I've been meaning to open source our timeseries implementation for a while now, it is very similar to the linked article but uses a "{key}:YYYY:MM:DD:hh:mm:ss" pattern on hashes where you pick your stored granularity and TTL for each time unit. For example: store second granularity "{key}:YYYY:MM:DD:hh:mm": {0-60: count} for 8 hours, minute granularity "{key}:YYYY:MM:DD:hh": {0-60: count} for 24 hours, hour granularity "{key}:YYYY:MM:DD": {0-24: count} for 3 days, the rest forever. Very similar to https://github.com/jimeh/redistat or other implementations.

Fun!

2 comments

Oooo, simmetrica looks very nice! IIRC when I was writing our implementation there weren't any solid Python versions yet. Glad to see that changing!

More good implementation info here http://blog.apiaxle.com/post/storing-near-realtime-stats-in-....

You just solved some of my problems. Thank you very much!

Btw is there any nodejs module for voting? I've done it myself for one app but it would be nice to see other solutions.

Hey Bryan,

just curious, are you guys not already using statsd/graphite?

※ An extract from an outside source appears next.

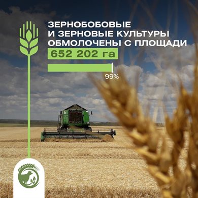 По официальной информации минсельхоза, по состоянию на 20 октября зерновые и зернобобовые культуры обмолочены с площади 652 202 га, или 99% от плана. Намолочено 1 миллион 931 тысяча 660 тонн. Урожайность - 29,6 ц/га.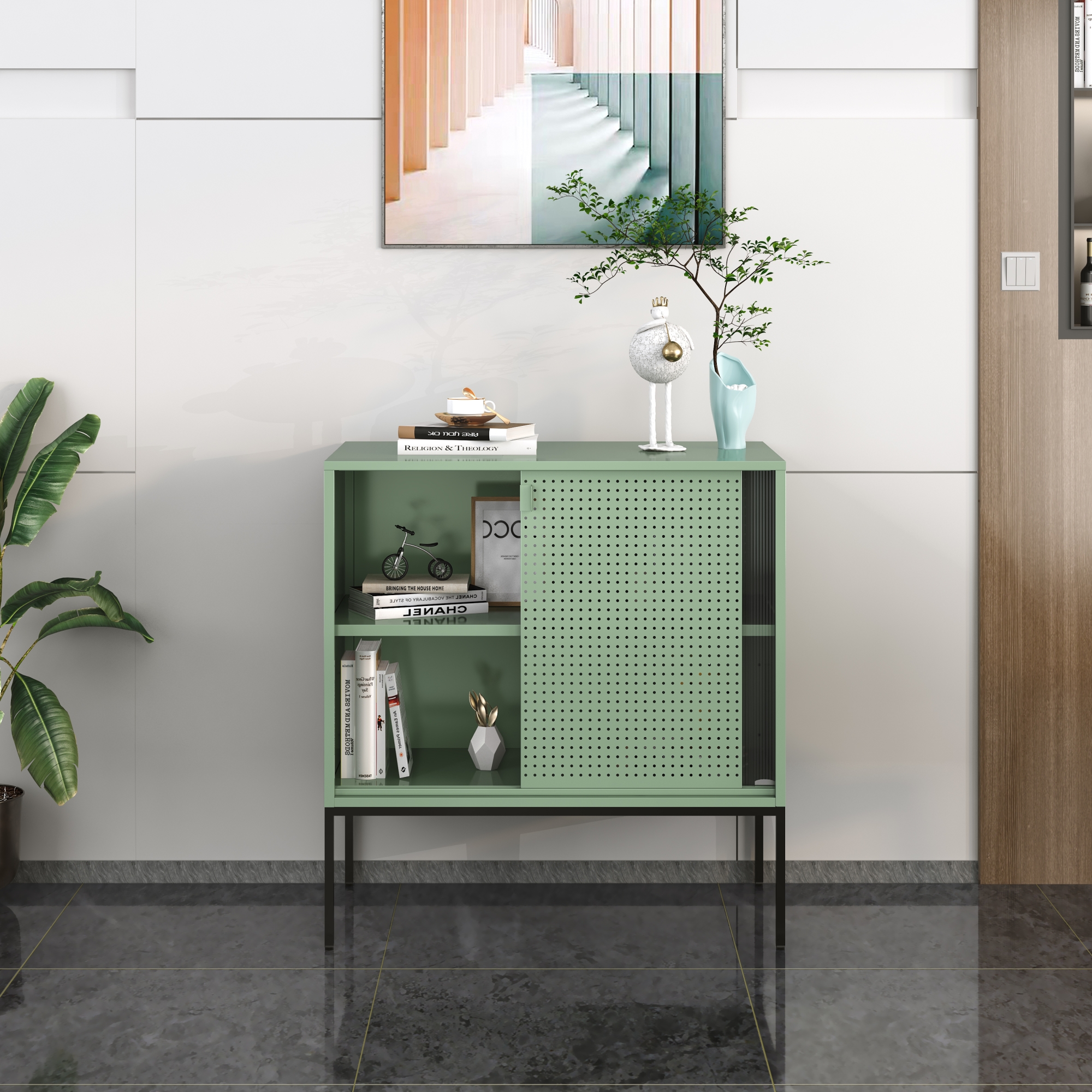 Der Wohnzimmerschrank ist ein stilvolles und praktisches Möbelstück, das Ihnen die perfekte Ergänzung für Ihren Wohnraum bietet. Er verfügt über eine dekorative Metalltür und eine zusätzliche Ablagefläche im Schrankinnern.

I think that at least you used to, since you contributed to my small script[0] to automate the installation of graphite... So I'm curious if/why it wasn't good enough, or whether this has different requirements that graphite wasn't suitable for?

[0]https://github.com/gingerlime/graphite-fabric

(Jumping in for Bryan; also @Zapier)

We installed statsd/graphite early on to experiment around with visualizing our task and request logs for Zaps. We've since settled into Elasticsearch and Graylog which is phenomenal for debugging and support -- but has it's growing pains.

The timeseries stuff is used more at the application layer, rather than the pure logging layer. For example, I believe we're using it to track how many tasks an account has done over the last 30 days for pricing/plans.

Yep! Redis tends to be more for reading inflight rate/plan limiting, something I've not heard a lot about in conjunction with graphite (though it might be great!). We might bring back statsd/graphite for alerting/monitoring in general though, we've been looking for solutions there.
Thanks (also to Mike) for sharing. I can't comment about your specific use-case, but I imagine that unless your latency requirements are very demanding, graphite can play nicely here. Its rather expressive querying allows you to aggregate timeseries data pretty easily. Of course, Graphite is primarily used for monitoring and trending, but it's not limited to this use-case. Alerting isn't something it's particularly great at though, but there are other tools that plug in there.

Not trying to diss redis, I'm using redis as well and love it, but was just curious since you mentioned time-series data.